**Supplied data**
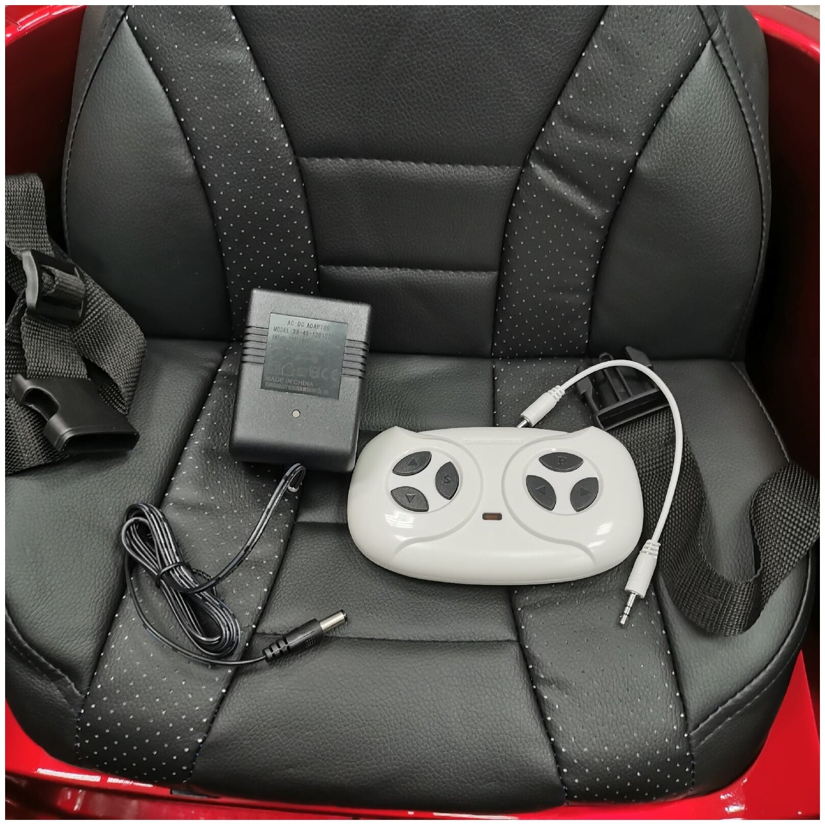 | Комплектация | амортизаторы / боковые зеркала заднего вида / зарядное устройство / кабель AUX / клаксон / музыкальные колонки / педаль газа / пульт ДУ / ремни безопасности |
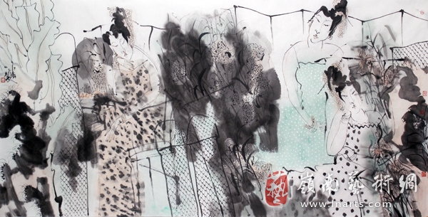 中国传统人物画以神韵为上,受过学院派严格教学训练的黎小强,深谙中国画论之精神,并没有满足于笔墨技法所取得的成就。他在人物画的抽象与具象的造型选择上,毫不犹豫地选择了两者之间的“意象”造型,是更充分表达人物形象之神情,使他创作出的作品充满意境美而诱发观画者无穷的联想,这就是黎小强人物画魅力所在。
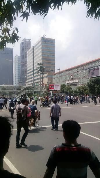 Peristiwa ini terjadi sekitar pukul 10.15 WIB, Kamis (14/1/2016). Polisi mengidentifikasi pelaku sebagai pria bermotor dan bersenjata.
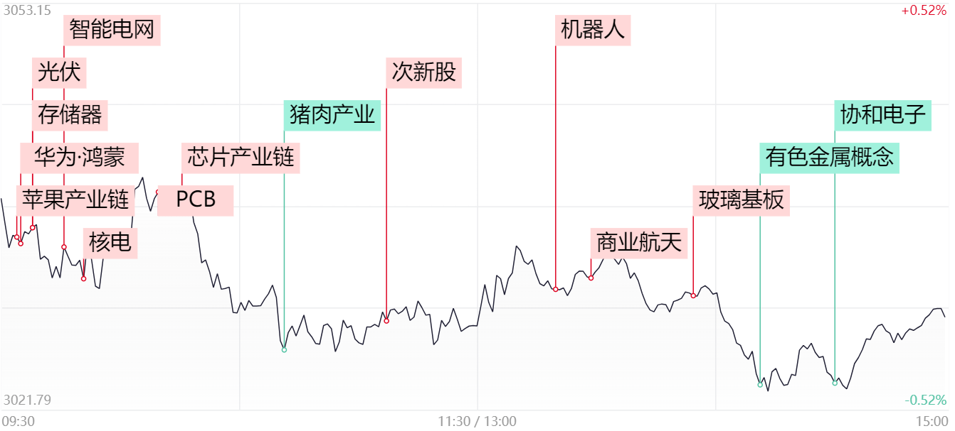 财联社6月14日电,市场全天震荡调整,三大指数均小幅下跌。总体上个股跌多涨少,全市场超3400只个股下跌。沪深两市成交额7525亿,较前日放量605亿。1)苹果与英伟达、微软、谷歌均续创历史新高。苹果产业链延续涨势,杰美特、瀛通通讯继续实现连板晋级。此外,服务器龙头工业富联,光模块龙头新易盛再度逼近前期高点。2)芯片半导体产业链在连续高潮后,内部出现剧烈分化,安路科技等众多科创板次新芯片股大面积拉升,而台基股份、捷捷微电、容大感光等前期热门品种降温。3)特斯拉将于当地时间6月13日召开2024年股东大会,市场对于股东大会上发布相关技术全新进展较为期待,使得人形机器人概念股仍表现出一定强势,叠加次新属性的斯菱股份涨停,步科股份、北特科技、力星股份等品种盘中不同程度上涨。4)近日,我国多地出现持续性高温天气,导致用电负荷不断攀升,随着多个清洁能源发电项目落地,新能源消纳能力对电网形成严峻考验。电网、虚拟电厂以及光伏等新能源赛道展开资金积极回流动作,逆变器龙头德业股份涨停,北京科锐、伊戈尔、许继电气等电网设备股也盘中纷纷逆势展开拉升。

**Instructions for the task**
Take the preceding listing and transcribe it exactly, skipping the pictures.

**The completed task**
 | Комплектация | амортизаторы / боковые зеркала заднего вида / зарядное устройство / кабель AUX / клаксон / музыкальные колонки / педаль газа / пульт ДУ / ремни безопасности |
 中国传统人物画以神韵为上,受过学院派严格教学训练的黎小强,深谙中国画论之精神,并没有满足于笔墨技法所取得的成就。他在人物画的抽象与具象的造型选择上,毫不犹豫地选择了两者之间的“意象”造型,是更充分表达人物形象之神情,使他创作出的作品充满意境美而诱发观画者无穷的联想,这就是黎小强人物画魅力所在。
 Peristiwa ini terjadi sekitar pukul 10.15 WIB, Kamis (14/1/2016). Polisi mengidentifikasi pelaku sebagai pria bermotor dan bersenjata.
 财联社6月14日电,市场全天震荡调整,三大指数均小幅下跌。总体上个股跌多涨少,全市场超3400只个股下跌。沪深两市成交额7525亿,较前日放量605亿。1)苹果与英伟达、微软、谷歌均续创历史新高。苹果产业链延续涨势,杰美特、瀛通通讯继续实现连板晋级。此外,服务器龙头工业富联,光模块龙头新易盛再度逼近前期高点。2)芯片半导体产业链在连续高潮后,内部出现剧烈分化,安路科技等众多科创板次新芯片股大面积拉升,而台基股份、捷捷微电、容大感光等前期热门品种降温。3)特斯拉将于当地时间6月13日召开2024年股东大会,市场对于股东大会上发布相关技术全新进展较为期待,使得人形机器人概念股仍表现出一定强势,叠加次新属性的斯菱股份涨停,步科股份、北特科技、力星股份等品种盘中不同程度上涨。4)近日,我国多地出现持续性高温天气,导致用电负荷不断攀升,随着多个清洁能源发电项目落地,新能源消纳能力对电网形成严峻考验。电网、虚拟电厂以及光伏等新能源赛道展开资金积极回流动作,逆变器龙头德业股份涨停,北京科锐、伊戈尔、许继电气等电网设备股也盘中纷纷逆势展开拉升。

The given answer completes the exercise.